Speech Therapy in Atlanta, Sandy Springs and Dunwoody , GA. Speak to a Pediatric Speech Therapist Now
Look for the C's! As you navigate your way through the process of speech therapy, how can you tell if your chosen speech therapist is truly at the top of their field? The "CCC" at their end of their name, just like the MD at the end of a doctors name, can help give you a clue! "CCC" stands for "certificate of clinical competence." Each speech therapist must earn their C's after successfully completing graduate school, a 9-12 month supervision year, and passing the Praxis exam. To keep their CCC's, each SLP must complete ongoing annual learning in a variety of areas.
First, what is an ASHA certification? The ASHA Certificate of Clinical Competence (CCC) is a nationally recognized and accredited professional credential in the fields of Audiology (CCC-A) and Speech-Language Pathology (CCC-SLP). When you work with an ASHA certified SLP. you are working with a therapist with a very specialized and dynamic skill set. ASHA certified therapists have a foundation and resources to continue to learn and grow as an expert level therapist. An ASHA certification also ensures that the ongoing education is the top level, newest and most current information available.
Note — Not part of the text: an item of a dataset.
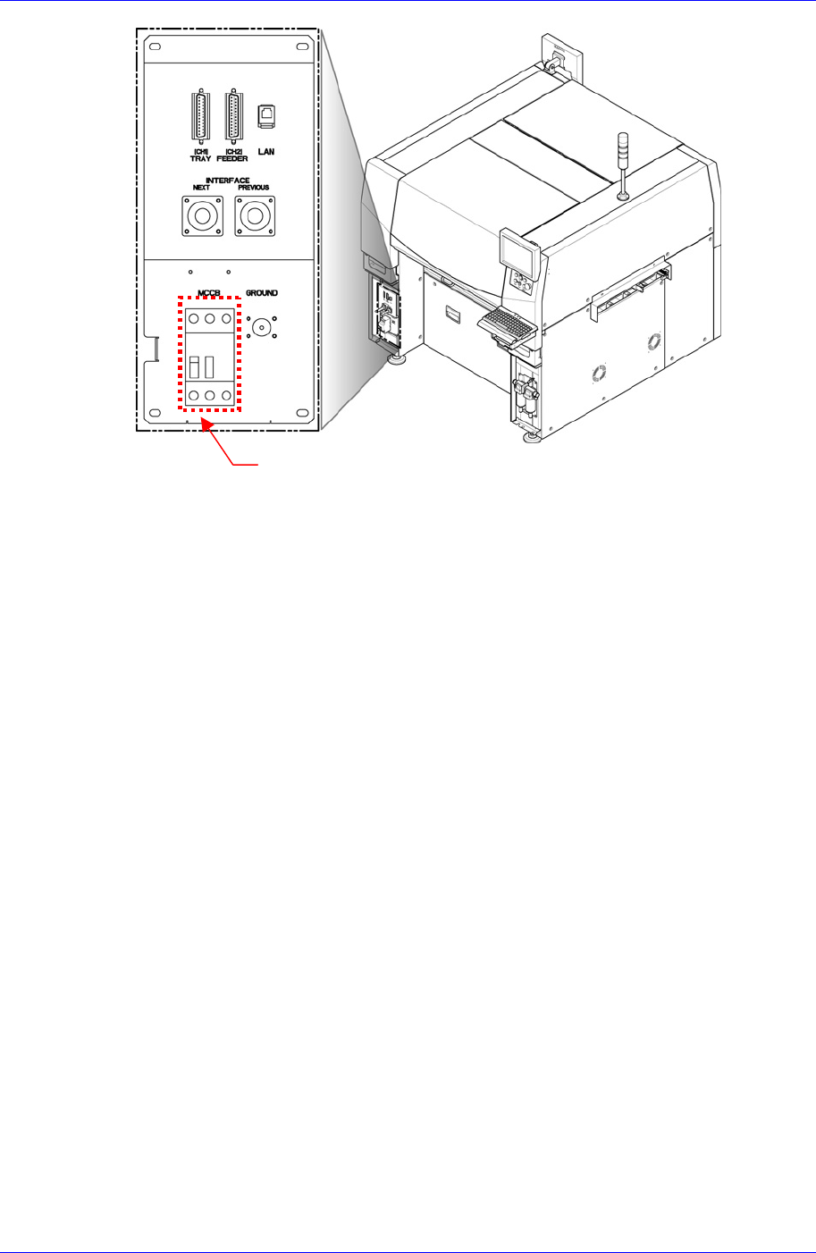 该装置可以开闭设备的主电源,位于设备背面左下角。

At SAGE Speech & Learning, all our speech therapists have the highest distinction, their CCC's. In addition, each of our SLP's has also completed specialized training in one or more specialty areas. Some of our specialized areas include fluency (stuttering), feeding (picky eating and tube feeds), motor speech and articulation, as well as early intervention (ages 0-3 and 4-6). SAGE Speech & Learning values the highest level of education for ALL our therapists. We regularly participate in continuing education individually and as a team. As parents, you are already facing many obstacles as you search for the best possible care for your child. SAGE Speech is proud that you can feel confident that you have chosen highly specialized, experienced, and nationally certified & licensed SLP's!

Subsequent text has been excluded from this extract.